* **EXERCISE**
The range to repeat runs from the line with "2026년 대전·세종 관광기업 협업프로젝트 공모사업 1차 서류심사 결과 공고" to the last line below, both ends included; give it exactly and without pictures.

(Beginning of AVAILABLE DATA)

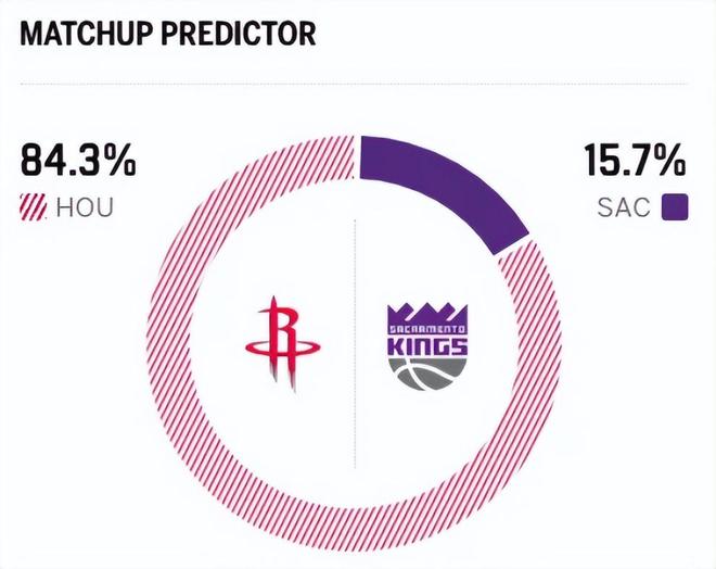 赛前,美媒ESPN对本场比赛进行了胜率预测,国王队胜率仅有15.7%,火箭队胜率高达84.3%,差距悬殊。
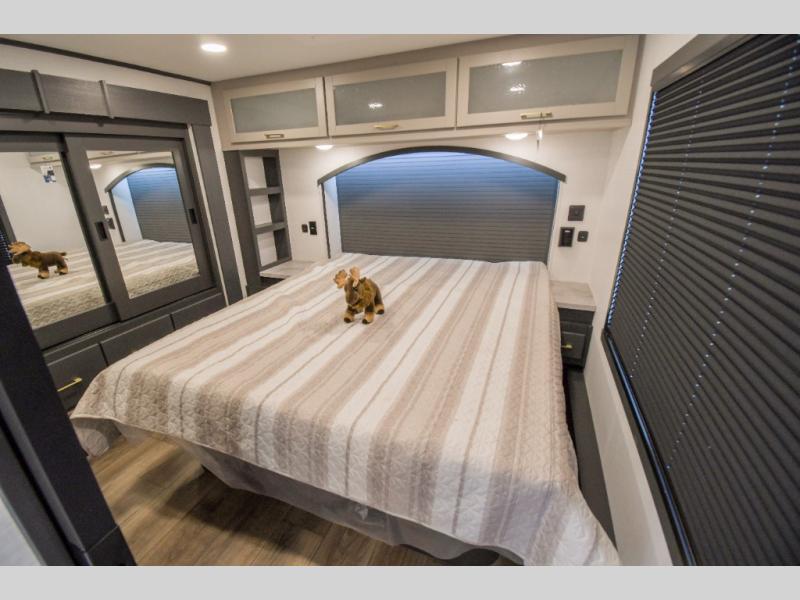 The outdoor enthusiasts has met their match with the XLR Nitro toy haulers by Forest River. The vacuum-bonded aluminum framed sidewalls, gel-coat fiberglass exterior, and singular roof membrane are just a few durable construction materials you will find on these models. There is a weatherproof insulated ramp door, 5,000 lb. cargo tie-downs, a 40 gallon fuel station, and more convenient garage features that will make camping with toys easier than ever. You'll appreciate smooth towing thanks to the MORryde CRE3000 suspension enhancement and 16" Goodyear Endurance tires. A 200 watt roof-mounted solar panel also comes standard, along with electric awning(s) with LED lights, undercarriage lighting, and friction hinge entry door(s). Some of the innovative technology features include a Winegard Air 360 antenna with WiFi prep and 4G LTE, convenient USB charging stations, and a Gear Guardian wireless camera for inside the garage to help keep your gear secure. You will also find diamonds solid surface kitchen countertops, Luna Quartz bathroom countertops, hardwood cabinet doors, stylish window trim package, and many more interior comforts.
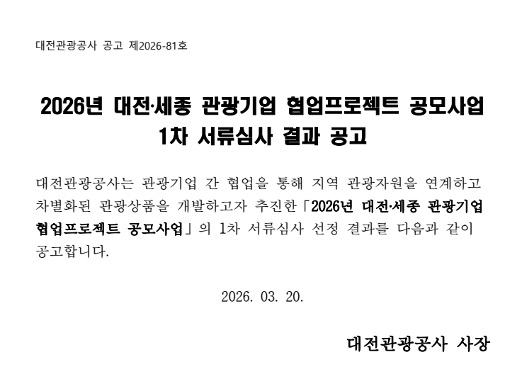 2026년 대전·세종 관광기업 협업프로젝트 공모사업 1차 서류심사 결과 공고
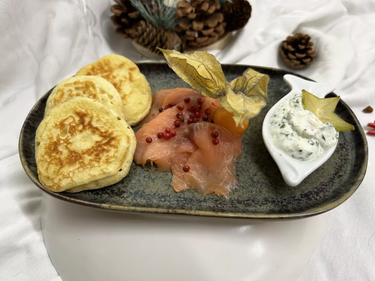 Sur la photo, une entrée, "saumon fumé, sauce aneth, minis blinis"

(End of AVAILABLE DATA)

* **REPLY**
 2026년 대전·세종 관광기업 협업프로젝트 공모사업 1차 서류심사 결과 공고
 Sur la photo, une entrée, "saumon fumé, sauce aneth, minis blinis"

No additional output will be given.